Required action:
Everything in the records below from the line containing "Лучше чем на" through the line containing "Lite grått-mus med" is to be reproduced exactly, those two lines included; no picture is to be copied.

++++

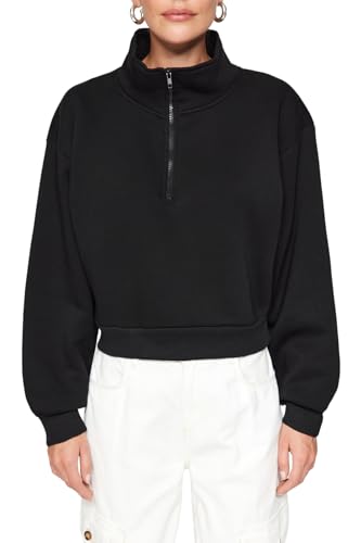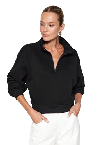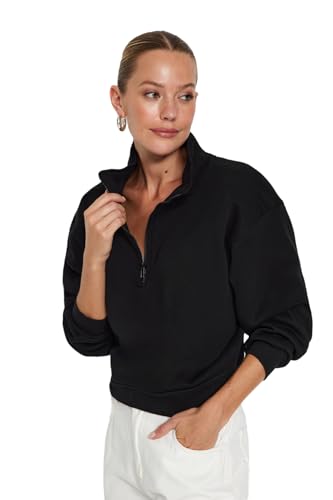 Trendyol - ترنديول سويت شيرت بيسيك محبوك بقصة مريحة وقبة قائمة وسحاب من الصوف السميك للنساء TWOAW24SW00221 (عبوة من قطعة واحدة)
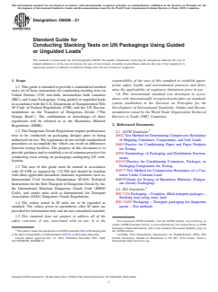 ASTM D8409-21 is a guide published by ASTM International. Its full title is "Standard Guide for Conducting Stacking Tests on UN Packagings Using Guided or Unguided Loads". This standard covers: SIGNIFICANCE AND USE 4.1 This guide is intended to provide a standardized method and a set of basic instructions for performing stack testing on UN packaging designs using either guided or unguided top loads. This guide provides the suggested minimum information that should be documented when conducting stacking test and provides information for recommended equipment. 4.2 All packaging design types other than bags must be subjected to a stacking test. Packagings subject to the stacking test must be capable of withstanding a superimposed top load of a specified minimum mass for a specified period of time without failure as these parameters are defined in the regulations. The test is not intended to determine the absolute top load capability of a packaging. Note 1: When quantification of box compression strength is desired for determining stacking strength or for design purposes use Test Method D642 and conditioning as recommended in 4.5. 4.3 Design qualification testing procedures are intended, as explicitly stated in the HMR, to be the minimum performance capability levels for packaging manufactured to transport Hazardous Materials under conditions normally incident to transportation. 4.4 The HMR tests are designed to be gross package capability evaluations that can be performed in a similar manner in all parts of the world, but under circumstances with some variance in test facility capabilities. This is an intentional feature of the test designs and protocols. The focus of HMR testing is not the determination of quantifiable, comparison data to allow for analytical evaluation. 4.5 It is recommended that facilities performing the HMR tests consult the guidance on conditioning in the relevant ASTM documents for any particular packaging material as applicable. The following conditioning documents, Practices D4332 and D685, are commonly used. SCOPE 1.1 This guide is intended to provide a standardized method and a set of basic instructions for conducting stacking tests on United Nations (UN) non-bulk, intermediate bulk container (IBC), and Large Packagings. Using guided or unguided loads in accordance with the U.S. Department of Transportation Title 49 Code of Federal Regulations (CFR) and the UN Recommendations on the Transport of Dangerous Goods (“The Orange Book”). The combination or interchange of these regulations will be referred to as the Hazardous Material Regulations (HMR). 1.2 The Dangerous Goods Regulations require performance tests to be conducted on packaging designs prior to being authorized for use. The regulations do not include standardized procedures to accomplish this which can result in differences between testing facilities. The purpose of this document is to provide guidance and to establish a set of common practices for conducting stack testing on packagings undergoing UN certification. 1.3 The user of this guide must be trained in accordance with 49 CFR as required by 172.700 and should be familiar with other applicable hazardous materials regulations such as; International Civil Aviation Organization (ICAO) Technical Instructions for the Safe Transport of Dangerous Goods by Air, the International Maritime Dangerous Goods Code (IMDG Code), and carrier rules such as International Air Transport Association (IATA) Dangerous Goods Regulations. 1.4 The values stated in SI units are to be regarded as standard. The values given in parentheses after SI units are provided for information only and are not considered standard. 1.5 This standard does not purport to address all of the safety concerns, if any, associated with its use. It is the responsibility of the user of this standard to establish appropriate safety, health, and environmental practices and determine the applicability of regulatory limitations prior to use. 1.6 This international standard was developed in accordance with internationally recognized principles on standardization established in the Decision on...
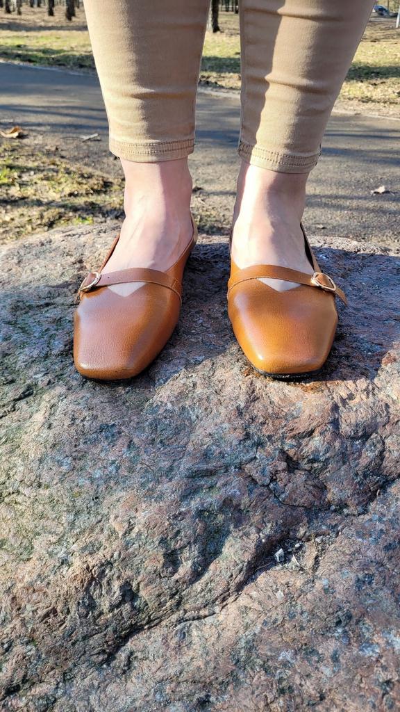 Лучше чем на фото. Мягкая кожа, очень эффектный цвет. Каблучок хотелось бы на полсантиметра-сантиметр повыше, было бы удобнее, но небольшой подаятник в помощь)) на ногу 26 по стельке, 25,5 в ширину чуть-чуть сжимает ступню, но пока примеряла - туфля "приспособилась" к ноге, т.к. подкладки нет и кожа очень мягкая, а ремешок можно чуть-чуть удлиннить за счет пряжки. На сырую погоду не подойдёт - подошва тонкая.
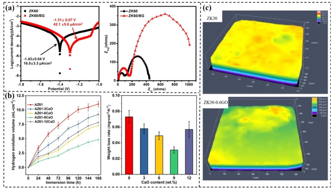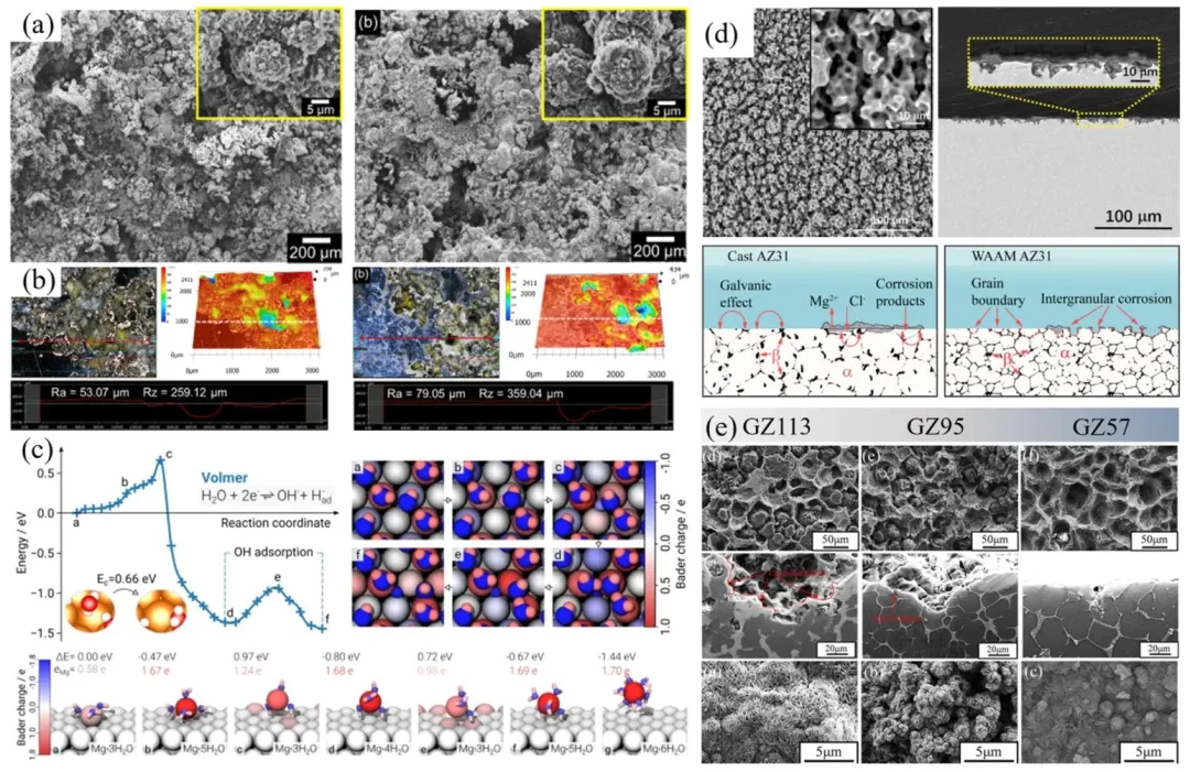 - 腐蚀性能:微观结构异质性有助于提升 WA-DED 镁合金耐腐蚀性,稀土元素通过形成稳定氧化膜和连续分布第二相改善耐腐蚀性;LPBF 构件的孔隙、残余应力等因素可能加剧腐蚀,需通过工艺参数调整和后处理优化。
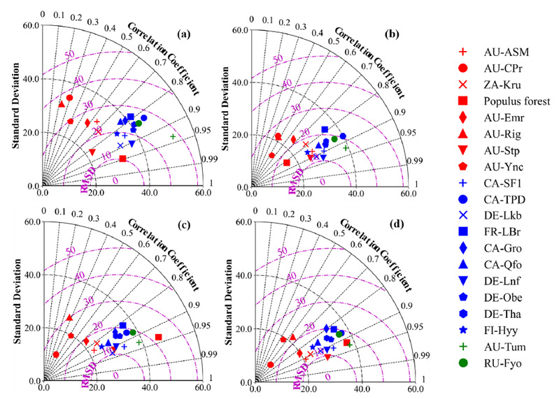 图1 四种方法在全球通量站点处的蒸散测算精度泰勒图(a. NP方法,b. SFE-NP方法,c. RH-PM方法,d. TS-NP方法)
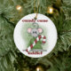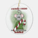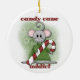 Lite grått-mus med en stor röd och vit randig candy cane och text som lyder "Candy cane Addict" på en keepsaké-helgdag-prydnad som bara är för söt!
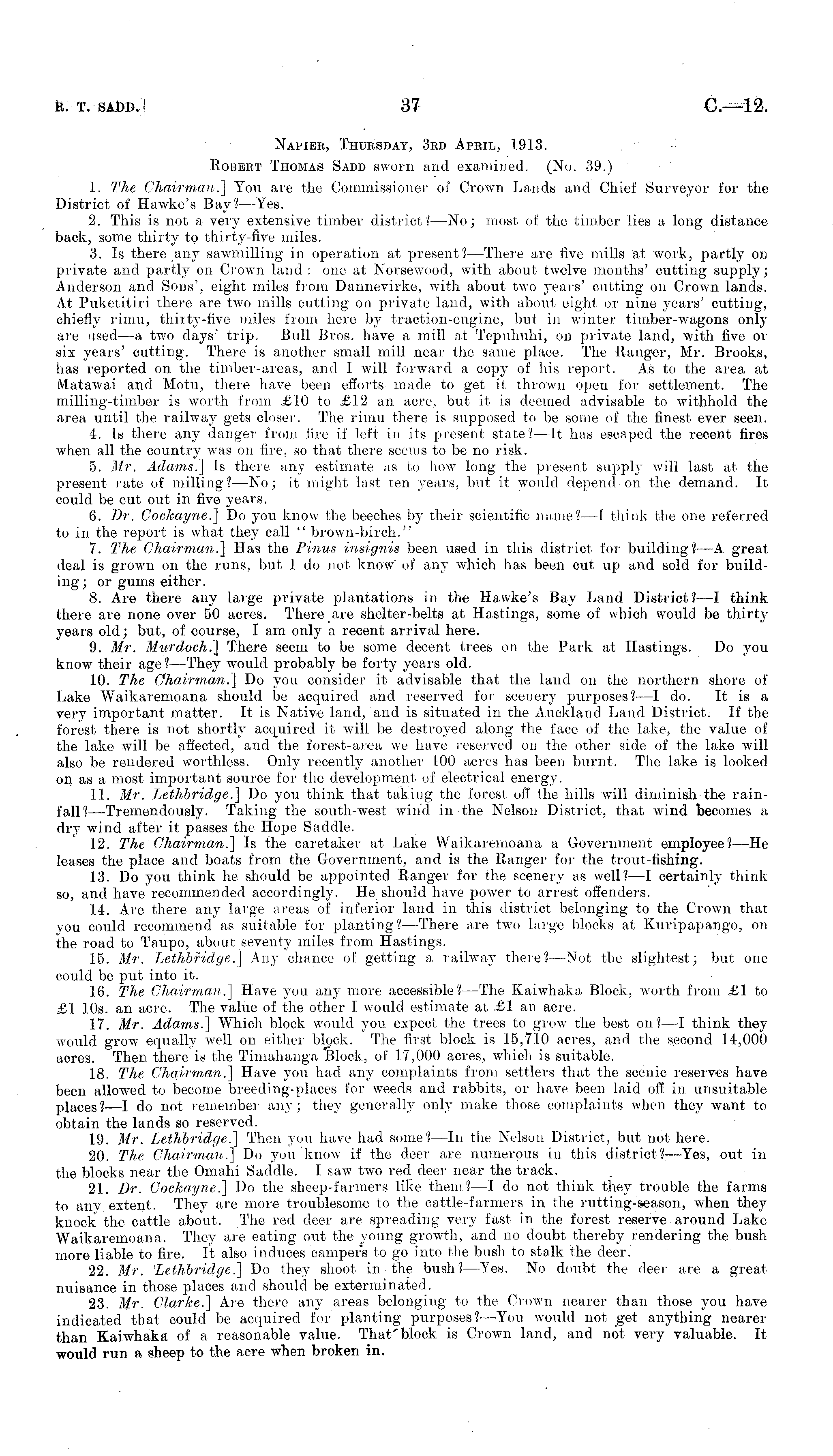 Napier, Thursday, 3rd Apeil, 1913. Robert Thomas Sadd sworn and examined. (No. 39.) 1. The Chairman.] You are the Commissioner of Crown Lands and Chief Surveyor for the District of Hawke's Bay? —Yes. 2. This is not a very extensive timber district?—No; most of the timber lies a long distance back, some thirty to thirty-five miles. 3. Is there any sawmilling in operation at present?— There are five mills at work, partly on private and partly on Crown laud : one at Norsewood, with about twelve months' cutting supply; Anderson and Sons', eight miles from Dannevirke, with about two years' cutting on Crown lands. At Puketitiri there are two mills cutting on private laud, with about eight or nine years' cutting, chiefly riimi, thirty-five miles from here by traction-engine, but in winter timber-wagons only are used —a two days' trip. Bull Bros, have a mill at. Tepuhuhi, on private land, with five or six years' cutting. There is another small mill near the same place. The Ranger, Mr. Brooks, has reported on the timber-areas, and I will forward a copy of his report. As to the area at Matawai and Motu, there have been efforts made to get it thrown open for settlement. The milling-timber is worth from £10 to ,£l2 an acre, but it is deemed advisable to withhold the area until the railway gets closer. The rimu there is supposed to be some of the finest ever seen. 4. Is there any danger from fire if left in its present state? —It has escaped the recent fires when all the country was on fire, so that there seems to be no risk. 5. Mr. Adams.] Is there any estimate as to how long the present supply will last at the present rate of milling?—No; it might last ten years, but it would depend on the demand. It could be cut out in five years. 6. Br. Cockayne.] Do you know (lie beeches by their scientific name? —I think the one referred to in the report is what they call " brown-birch." 7. The Chairman.] Has the Pinus intsignis been used in this district for building?—A great deal is grown on the runs, but I do not know of any which has been cut up and sold for building; or gums either. 8. Are there any large private plantations in the Hawke's Bay Land District? —I think there are none over 50 acres. There are shelter-belts at Hastings, some of which would be thirty years old; but, of course, I am only a recent arrival here. 9. Mr. Murdoch.] There seem to be some decent trees on the Park at Hastings. Do you know their age ?—They would probably be forty years old. 10. The Chairman.] Do you consider it advisable that the laud on the northern shore of Lake Waikaremoana should be acquired and reserved for scenery purposes? —1 do. It is a very important matter. It is Native laud, and is situated in the Auckland Land District. If the forest there is not shortly acquired it will be destroyed along the face of the lake, the value of the lake will be affected, and the forest-area we have reserved on the other side of the lake will also be rendered worthless. Only recently another 100 acres has been burnt. The lake is looked on as a most important source for the development of electrical energy. 11. Mr. Lethbridge.] Do you think that taking the forest off the hills will diminish the rainfall? —Tremendously. Taking the south-west wind in the Nelson District, that wind becomes a dry wind after it passes the Hope Saddle. 12. The Chairman.] Is the caretaker at Lake Waikaremoana a Government employee? —He leases the place and boats from the Government, and is the Ranger for the trout-fishing. 13. Do you think he should be appointed Ranger for the scenery as well? —I certainly think so, and have recommended accordingly. He should have power to arrest offenders. 14. Are there any large areas of inferior land in this district belonging to the Crown that you could recommend as suitable for planting?— There are two large blocks at Kuripapango, on the road to Taupo, about seventy miles from Hastings. 15. Mr. Lethbridge.] Any chance of getting a railway there? —Not the slightest; but one could be put into it. 16. The Chairman.] Have you any more accessible? —The Kaiwhaka Block, worth from £1 to £1 10s. an acre. The value of the other I would estimate at £1 an acre. 17. Mr. Adams.] Which block would you expect the trees to grow the best on?— 1 think they would grow equally well on either block. The first block is 15,710 acres, and the second 14,000 acres. Then there is the Timahanga Block, of 17,000 acres, which is suitable. 18. The Chairman.] Have you had any complaints from settlers that the scenic reserves have been allowed to become breeding-places for weeds and rabbits, or have been laid off in unsuitable places?—l d 0 not remember any; they generally only make those complaints when they want to obtain the lands so reserved. 19. Mr. Lethbridge.] Then you have had some? —In the Nelson District, but not here. 20. The. Chairman.] Do you know if the deer are numerous in this district? —Yes, out in the blocks near the Omahi Saddle. I saw two red deer near the track. 21. Dr. Cockayne.] Do tile sheep-farmers like them?—l do not think they trouble the farms to any extent. They are more troublesome to the cattle-farmers in the rutting-season, when they knock the cattle about. The red deer are spreading , very fast in the forest reserve around Lake Waikaremoana. They are eating out the young growth, and no doubt thereby rendering the bush more liable to fire. It also induces campers to go into the bush to stalk the deer. 22. Mr. Lethbridge.] Do they shoot in the bush? —Yes. No doubt the deer are a great nuisance in those places and should be exterminated. 23. Mr. Clarke.] Are there any areas belonging to the Crown nearer than those you have indicated that could be acquired for planting purposes?— You would not get anything nearer than Kaiwhaka of a reasonable value. That'block is Crown land, and not very valuable. It would run a sheep to the acre when broken in.

++++

Response to this task:
 Лучше чем на фото. Мягкая кожа, очень эффектный цвет. Каблучок хотелось бы на полсантиметра-сантиметр повыше, было бы удобнее, но небольшой подаятник в помощь)) на ногу 26 по стельке, 25,5 в ширину чуть-чуть сжимает ступню, но пока примеряла - туфля "приспособилась" к ноге, т.к. подкладки нет и кожа очень мягкая, а ремешок можно чуть-чуть удлиннить за счет пряжки. На сырую погоду не подойдёт - подошва тонкая.
 - 腐蚀性能:微观结构异质性有助于提升 WA-DED 镁合金耐腐蚀性,稀土元素通过形成稳定氧化膜和连续分布第二相改善耐腐蚀性;LPBF 构件的孔隙、残余应力等因素可能加剧腐蚀,需通过工艺参数调整和后处理优化。
 图1 四种方法在全球通量站点处的蒸散测算精度泰勒图(a. NP方法,b. SFE-NP方法,c. RH-PM方法,d. TS-NP方法)
 Lite grått-mus med en stor röd och vit randig candy cane och text som lyder "Candy cane Addict" på en keepsaké-helgdag-prydnad som bara är för söt!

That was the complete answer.